And I also wonder what distribution the second line is sampling. I am confused because unlike ADVI, “approx” in SVGD should return a set of particles instead of a distribution.
Yes, @junpenglao is right. We form a kind of trace (empirical distribution) from what we sample particles independently. Thank you for pinging me in this thread. I’ve prepared a gist answering your question.
This is a bit toy example (I had few time), but the code is mostly model agnostic and shows potential problems of 2 approaches to do “model averaging”
Thank for the examples. I still have few questions:
we set the number of particles to be 100 in
approx = pm.fit(method=‘svgd’, inf_kwargs={‘n_particles’: 100}),
For model averaging:
Would trace = approx.sample(100) return exactly the values of those particles that I have trained?
But what mout1 = approx.sample_node(out, 10000).mean() is doing?
Drawing 10000 samples from a distribution then average them? so what distribution we are sampling here?
Furthermore, In Bayesian neural net, I want to average the prediction made by the particles(models) that I initialized in training, rather than used the particles to create another distribution from which I draw MC samples
Would trace = approx.sample(100) return exactly the values of those particles that I have trained?

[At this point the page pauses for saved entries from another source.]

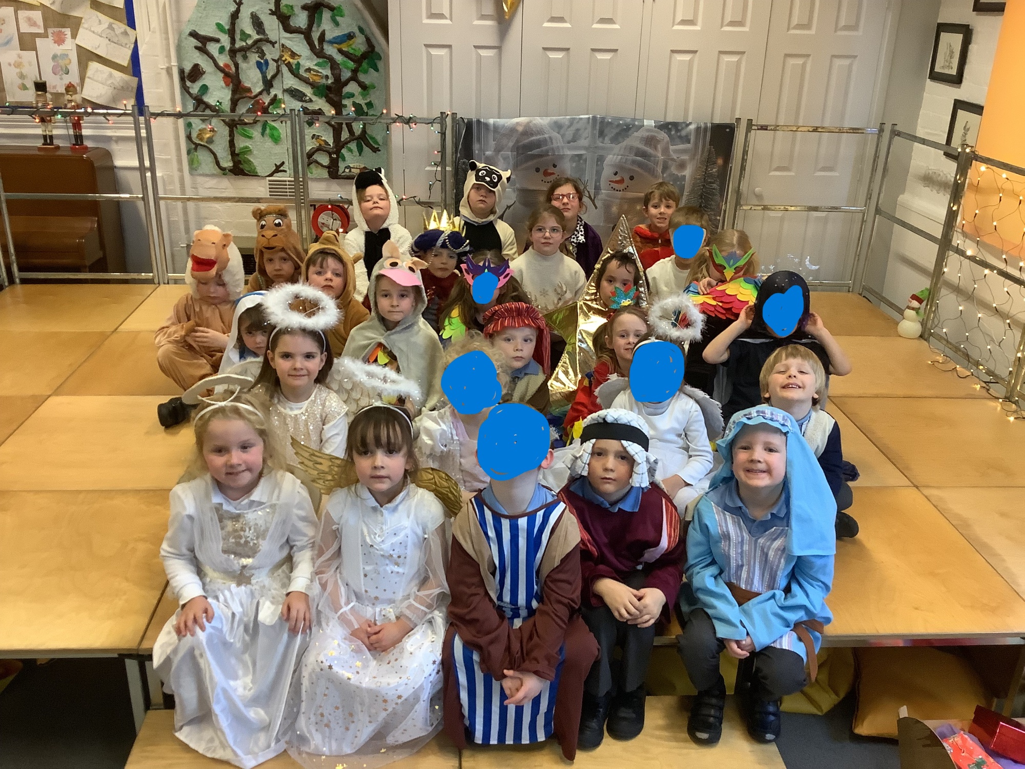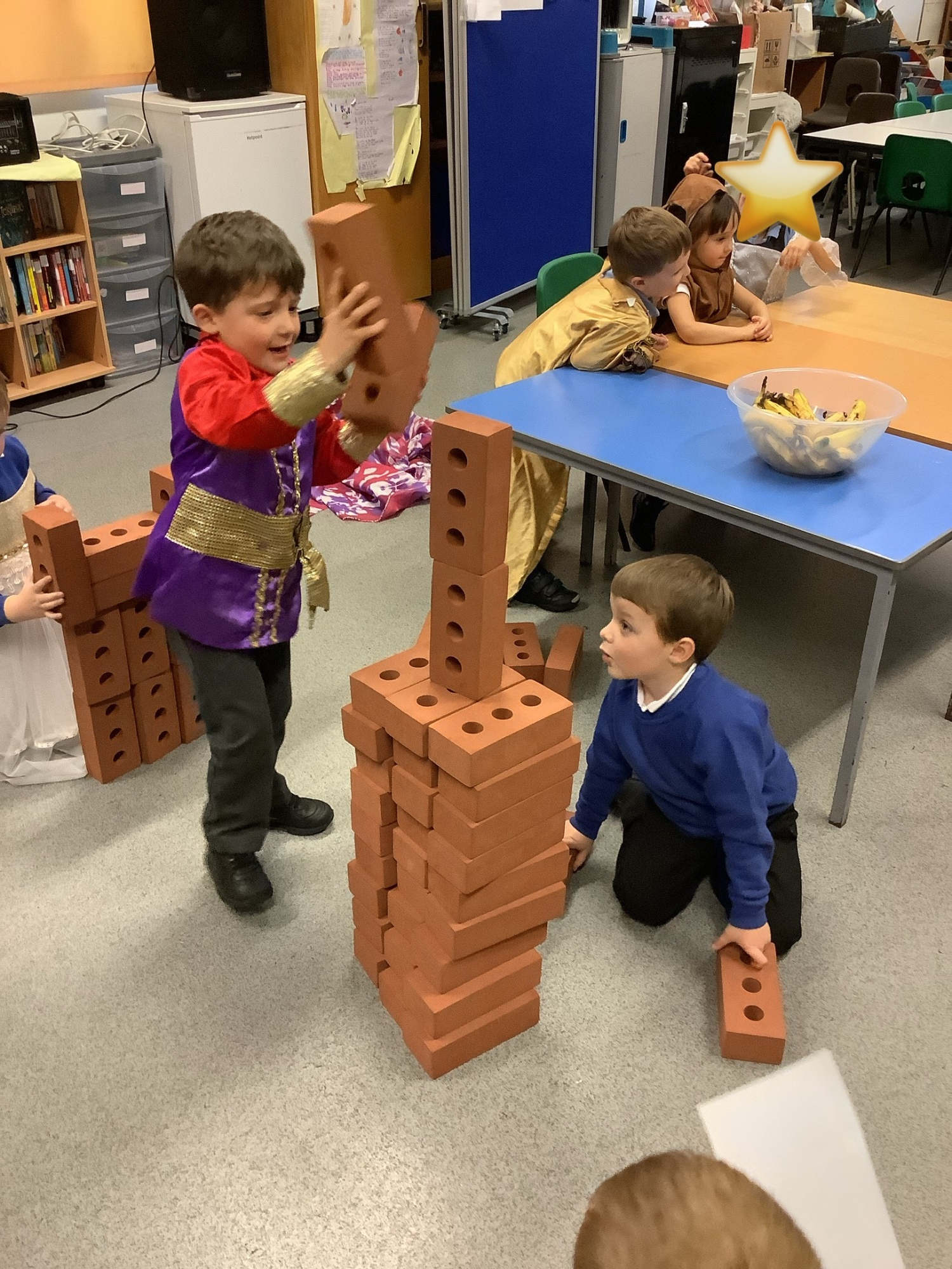 The Reception children acted out the Nativity story using puppets and dressing up. They also used bricks to make a stable.
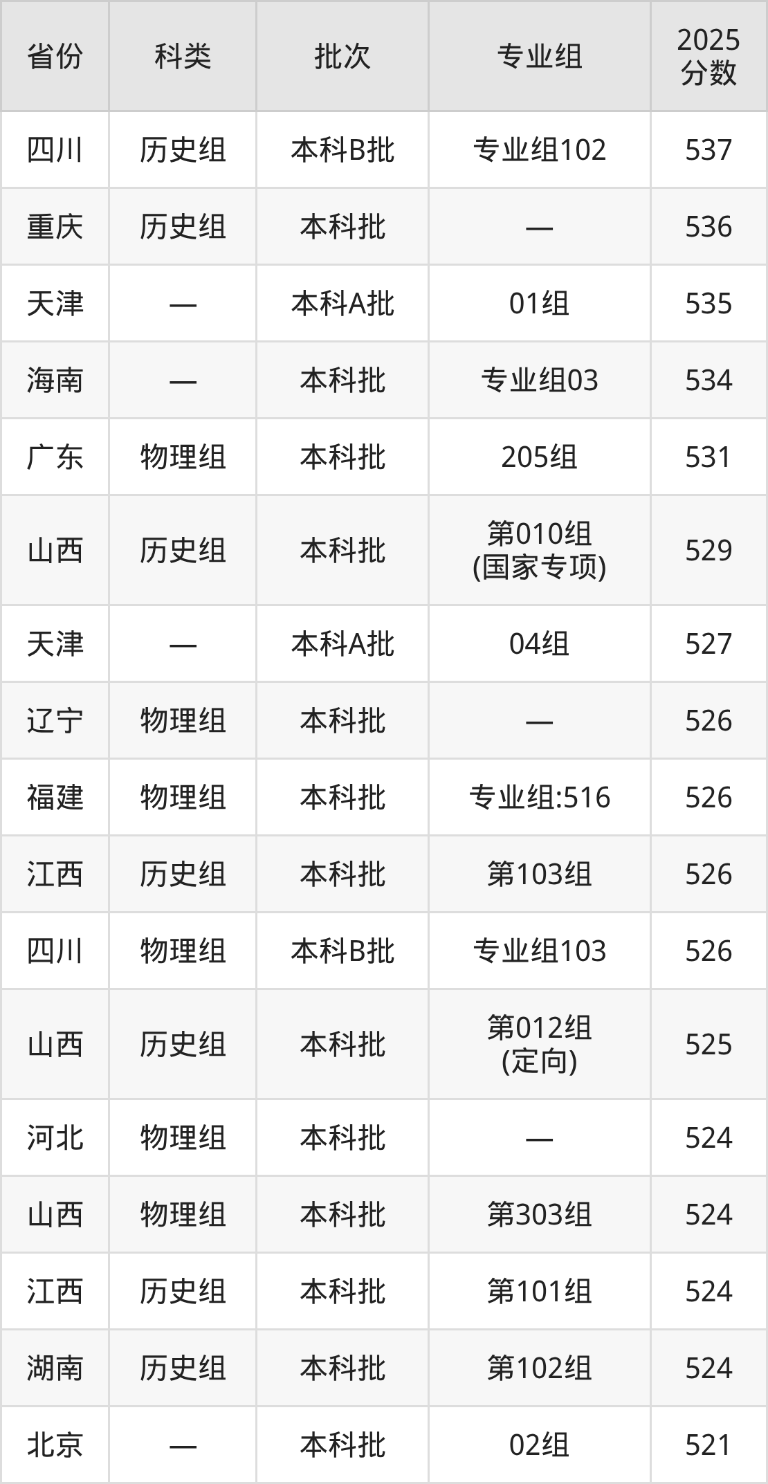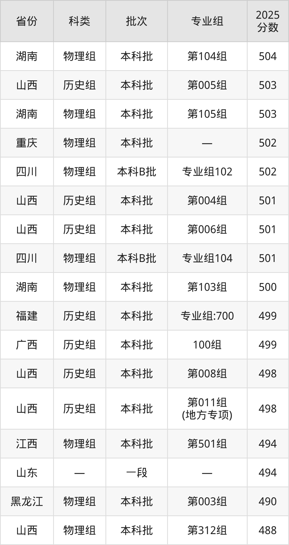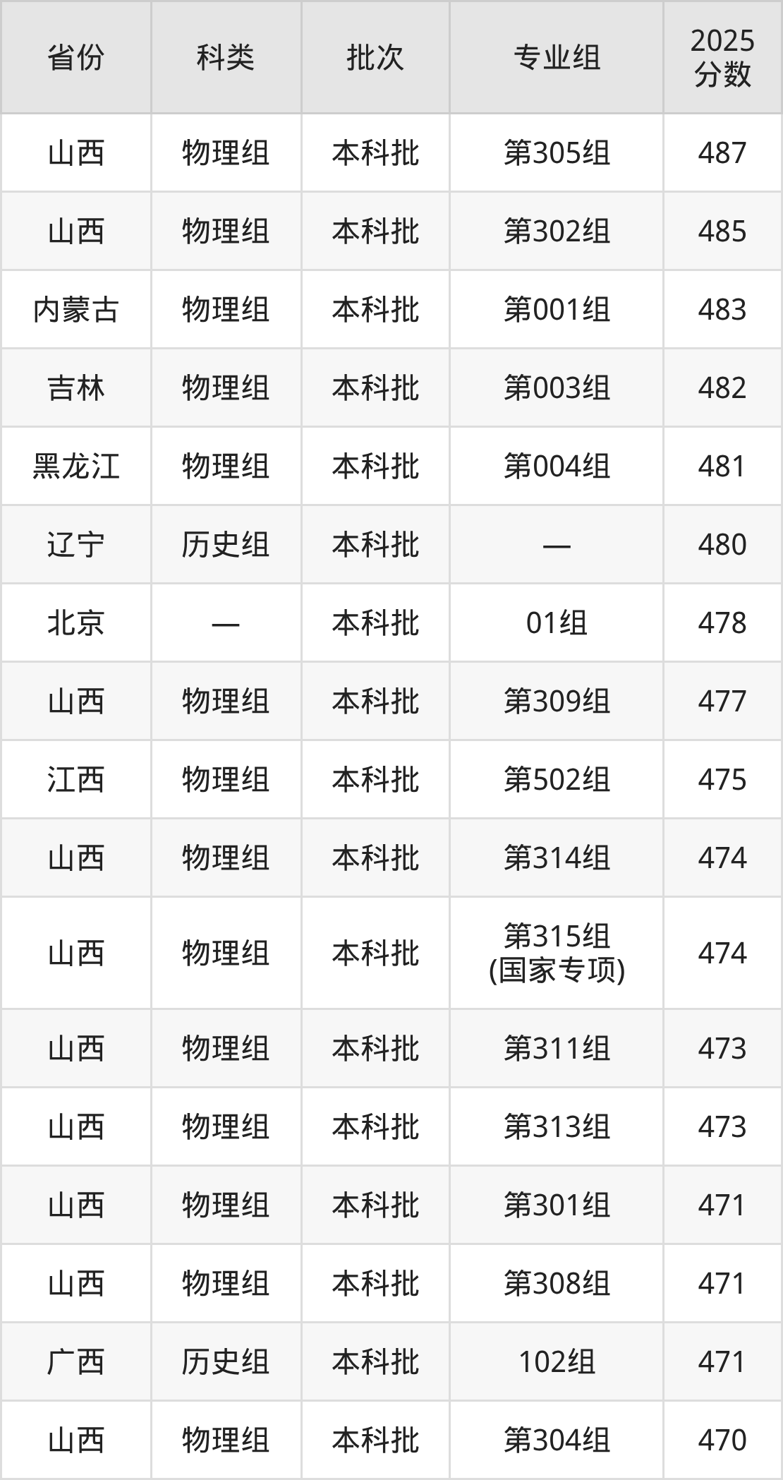 2025年山西大同大学在全国普通批次招生的录取分数范围位于418~572分之间,其中省内分数范围为465分~543分,物理组最低分专业组为“第316组(地方专项)”,考生465分即可报考,历史组最低分专业组为“第007组”,考生468分即可报考。
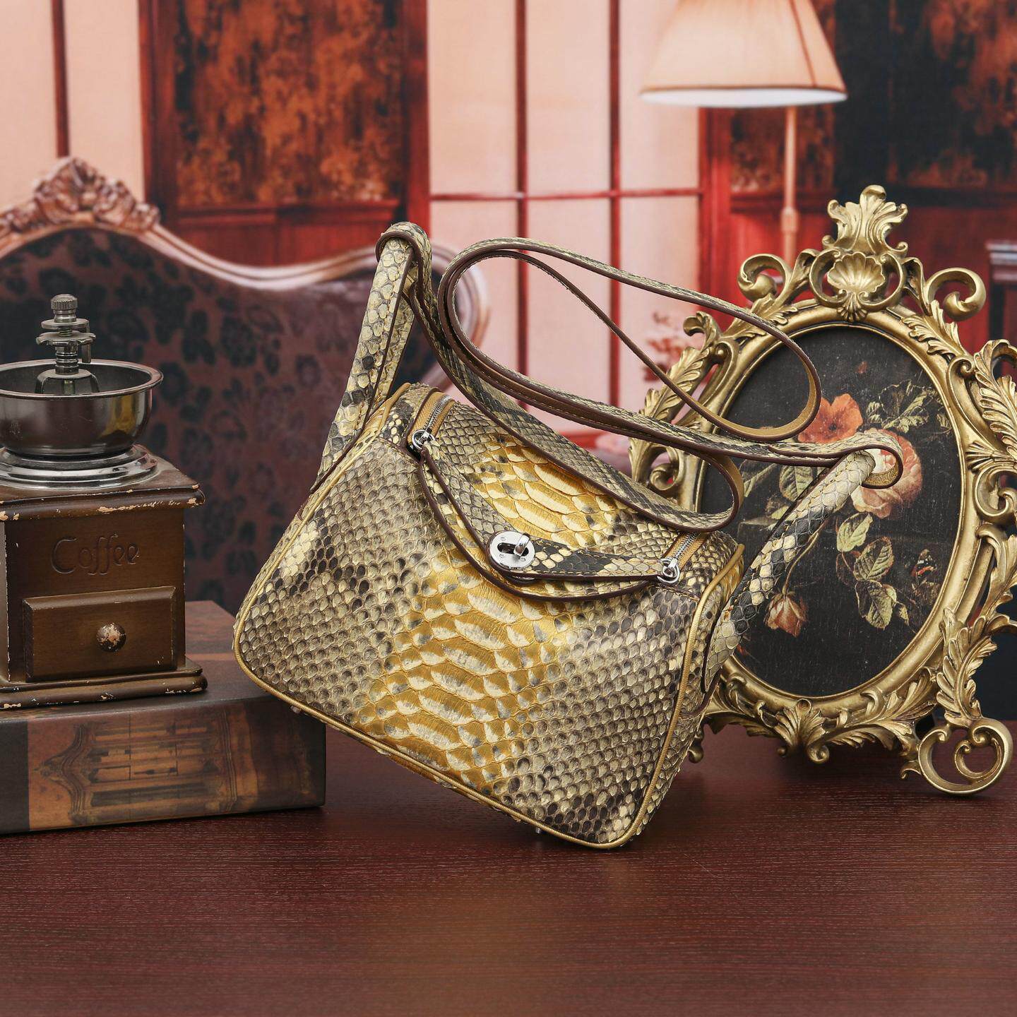 普洛克正品女包 蟒蛇皮时尚手提包手挽竹节包斜挎包潮流真皮包包

No it will sample from particles uniformly
But what mout1 = approx.sample_node(out, 10000).mean() is doing?
It samples from the empirical distribution and makes appropriate replacements in the graph. So every Distribution node is replaced with it’s posterior distribution (symbolically).
I want to average the prediction made by the particles(models)
This was not implemented. Now I see that it might be useful to integrate over the posterior. The way you can integrate over the posterior looks like
# based mostly on https://github.com/pymc-devs/pymc3/blob/master/pymc3/variational/opvi.py#L1098
# or https://github.com/pymc-devs/pymc3/blob/master/pymc3/variational/opvi.py#L1470
def integrate_over_histogram(approx, node):
if not isinstance(approx, pm.Empirical):
raise ValueError('You need empirical distribution here, got {}'.format(type(approx)))
node = approx.to_flat_input(node)
def sample(post):
return theano.clone(node, {approx.input: post})
nodes, _ = theano.scan(sample, approx.histogram)
return nodes
# given the notebook above
Esin = integrate_over_histogram(approx, out).mean()
I think that integration of an expression should be implemented in future. What matters here is efficiency, given a chain of 10000 samples it is weird to average over them all. Some smart way of choosing important samples is needed.